All models are adjusted for age, gender, BMI, specialty, and cohort. P-values are obtained from likelihood ratio tests.

^

Also adjusted for hours of patient care in the month.

p-value<0.001

*

p-value=0.001.

Table 5.

The adjusted association between increasing weekly work hours and adverse safety outcomes.

Weekly Work Hours
≤60 >60 & ≤70 >70 & ≤80 >80 p-valuve
Crashes Ref 1.14 (0.97–1.33) 1.17 (1.00–1.37) 1.42 (1.20–1.68) <0.001
Crashes leaving work Ref 1.51 (1.16–1.95) 1.56 (1.21–2.01) 2.12 (1.64–2.76) <0.001
Near-crashes Ref 1.35 (1.27–1.45) 1.59 (1.50–1.70) 2.30 (2.14–2.47) <0.001
Occupational Exposures Ref 1.27 (1.15–1.41) 1.66 (1.52–1.82) 1.99 (1.80–2.19) <0.001
Percutaneous Injuries Ref 1.15 (0.98–1.36) 1.41 (1.22–1.64) 1.78 (1.53–2.07) <0.001
Attentional Failures Ref 1.39 (1.34–1.43) 1.70 (1.65–1.75) 2.27 (2.20–2.35) <0.001

All models are adjusted for age, gender, BMI, specialty, and cohort. P-values are obtained from likelihood ratio tests

DISCUSSION

The 2011 ACGME work-hour restrictions were followed by marked improvements in resident safety. Residents reported lower rates of motor vehicle crashes on the commute, occupational exposures (including percutaneous injuries), and attentional failures. Following the policy change to eliminate extended-duration shifts in first-year resident physicians, average weekly work hours were reduced and nightly sleep duration increased. However, despite fears that the policy would limit hands-on training, reported hours spent in patient care remained unchanged.

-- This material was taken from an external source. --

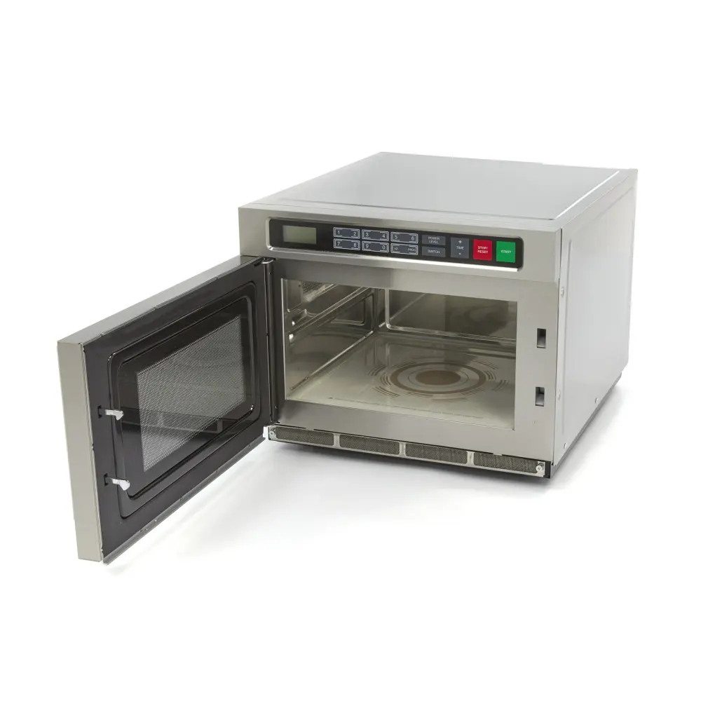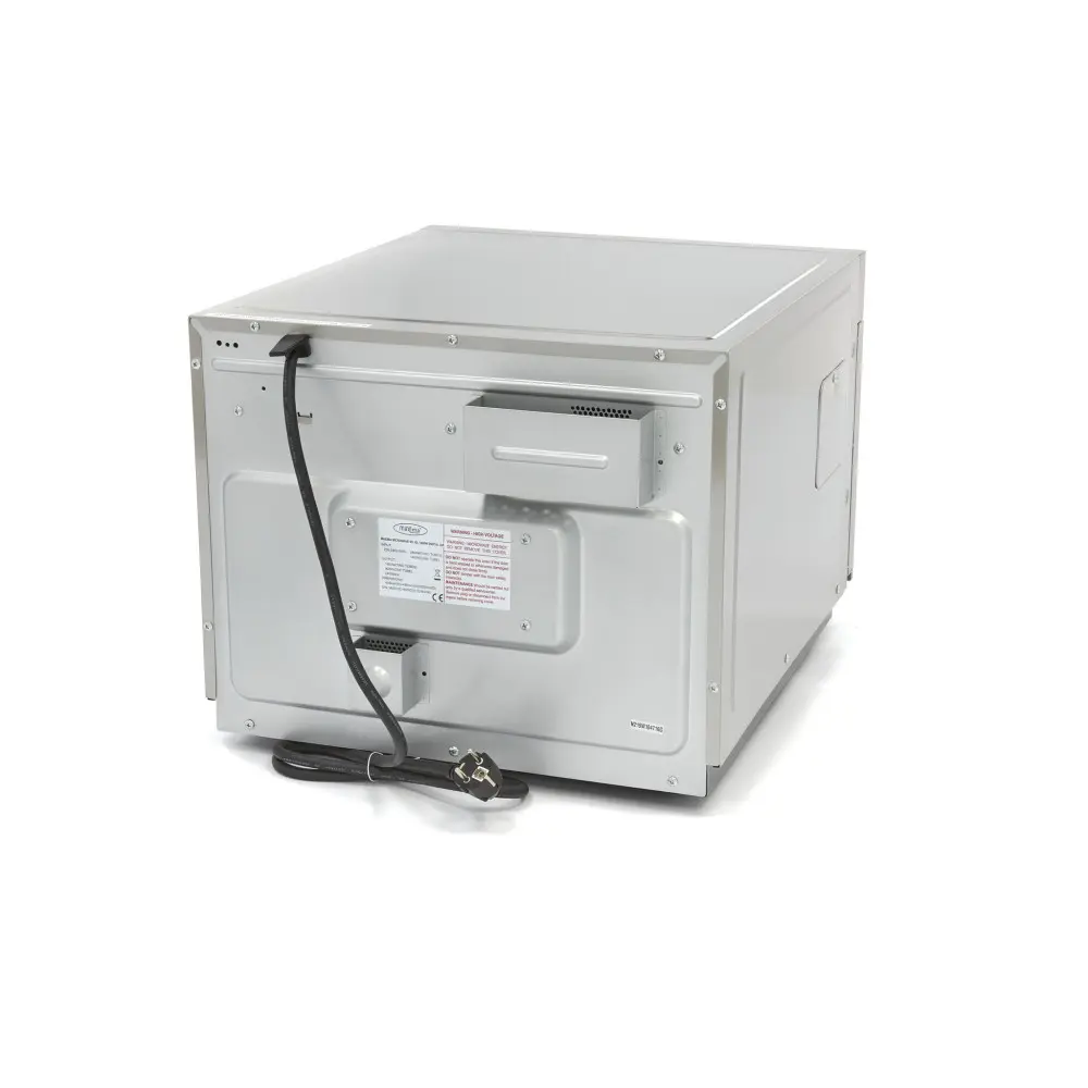 Tato mikrovlnná trouba má přehledný ovládací panel s digitálním časovačem. Velikost talířů, které jsou vhodné pro tuto mikrovlnnou troubu, jsou talíře o průměru 36 cm nebo méně. Kromě talířů je mikrovlnná trouba vhodná také pro (plastové) GN mísy o velikosti 1/2 GN a menší. Dvířka jsou průhledná a bez zámku, takže se snadno otevírají a zavírají. Vnitřní komora je také vybavena osvětlením, abyste mohli sledovat průběh přípravy nádobí. Ohřívací tělesa jsou umístěna v horní a spodní části mikrovlnné trouby. Tato mikrovlnná trouba je vhodná pro velkokuchyňské a gastronomické použití.

Nationwide regulations that limited weekly work hours for residents and prohibited extended duration shifts were followed by improved safety. As reported elsewhere, compliance with the policy was not universal, (25, 26) and randomized trials of flexible hours permitted training programs at some institutions to exceed existing work hour limitations.(6, 8) Participants in both cohorts reporting exceeding 80 weekly work hours and working extended duration shifts. Sleep was obtained less frequently during extended duration shifts after the policy change, with a nearly 4-fold increase in the proportion of extended duration shifts without sleep (30% vs. 8%). The work hour limitations were not accompanied by an increased census of residency slots, which may have contributed to workload compression and reduced opportunity for sleep on-shift.(27) Independent of whether extended duration shifts were worked before or after the policy change, they were associated with significantly increased risk of adverse outcomes. Extended-duration shifts and prolonged weekly work hours were independent risk factors that acted synergistically to increase the risk of adverse outcomes. These findings are particularly important now, since the 2017 ACGME guidelines lifted the restrictions on extended duration shifts and again permit shifts of 24–28 consecutive hours of work for first-year resident physicians.(28) Several aspects of this issue, including physician safety, have been under-represented in the work hours debate. The pursuit of resident-physician work hours that are safe for patients and providers deserves further, more comprehensive, investigation.

Motor vehicle crashes are the third leading cause of death for medical residents, trailing only neoplastic disease and suicide.(15) Our findings reveal that elimination of extended duration shifts was associated with a significant reduction in the risk of crashes, particularly on the commute from work. Driving after extended duration shifts is known to be a high-risk activity.(19, 29) As the National Academy of Medicine recommended in their 2009 report,(2) some training programs have instituted safe transportation programs that enable residents to be reimbursed for ride-share or taxi costs following extended-duration shifts, however, the prevalence of such programs and their utilization by residents remains unclear. Installing alternative transport arrangements as the default following extended-duration shifts may be necessary for adoption of these habits as a cultural norm.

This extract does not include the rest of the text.